Canadian Tax Guide for Agents

How Much Should Real Estate Agents Save for Taxes in Canada?

Most agents know a tax portion of every cheque has to come off the top. Few know exactly how much. This guide explains the typical estimated percentage, why it varies by province, and what CRA rules apply — plus a free tax estimator to plug in your own numbers.

The short answer: 25% to 40%

For most Canadian real estate agents earning between $80,000 and $300,000 in gross commission income, the typical estimate of the total tax portion lands between 25% and 40% of net business income. (This 25%–40% range is an Agent Runway composite estimate of federal + provincial + CPP, not a CRA figure — actual rates depend on province, brokerage split, deductible expenses, and whether the agent operates through a personal corporation (PREC).)

The breakdown typically includes four components:

  • Federal income tax — Progressive brackets from 15% to 33% on net self-employment income[2]
  • Provincial income tax — Varies by province, from ~4% (Nunavut) to ~21% (Nova Scotia) at the highest marginal rates[2]
  • CPP contributions — Self-employed agents pay both employee and employer portions: 11.90% on income between $3,500 and $71,300 (2025 YMPE), plus CPP2 at 8.00% on earnings between $71,300 and $81,200 (2025 YAMPE)[1]
  • HST/GST — Once gross revenue exceeds $30,000 over four consecutive calendar quarters, CRA requires registration and collection of HST/GST[3]. In Ontario the rate is 13%; in the Maritimes, 15%[4]

Why tax planning is harder for real estate agents

Salaried employees have taxes deducted at source.
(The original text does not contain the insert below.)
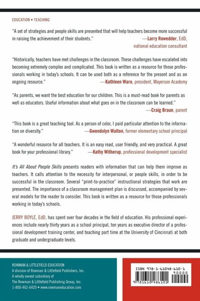 It's All About People Skills provides teachers with information upon which they that can improve themselves in the classroom, calling to attention the necessity for interpersonal skills in order be successful in front of the classroom. Offering educators 'print-to-practice' instructional strategies, models of classroom management plans, and planning modules, It's All About People Skills will not only improve teachers' instructional delivery, and therefore engage more students in a positive school culture, but will also prepare teachers to meet the challenges of contemporary schooling-such as adapting to technology, working with home-schooled children, and addressing school violence.

Real estate agents don't. Every commission cheque arrives as gross income with no deductions — and the CRA expects you to manage your own instalments, track your own expenses, and calculate your own obligations.

This creates a common pattern: agents spend commission income as it arrives, underestimate their tax liability, and face a painful bill at filing time. The CRA may also charge interest on missed quarterly instalments — even if you eventually pay the full amount.

One framing many agents use: estimate the tax portion of each commission cheque ahead of time, and reconcile it against CRA's published quarterly instalment dates of March 15, June 15, September 15, and December 15[6]. Whether instalments apply in a given year depends on the $3,000 net-tax-owing threshold described in CRA's instalment rules[5]. The free tax estimator produces a starting estimate from your own numbers. For a deeper look, see our full tax planning guide, learn what expenses you can deduct, or walk through the T2125 line by line.

Frequently asked questions

How much should a real estate agent save for taxes in Canada?

For Canadian real estate agents, a typical estimate of the total tax portion lands between 25% and 40% of net business income. That estimate covers federal income tax[2], provincial income tax[2], CPP contributions[1], and HST/GST remittances[4]. The exact percentage depends on province, total income, and deductible expenses.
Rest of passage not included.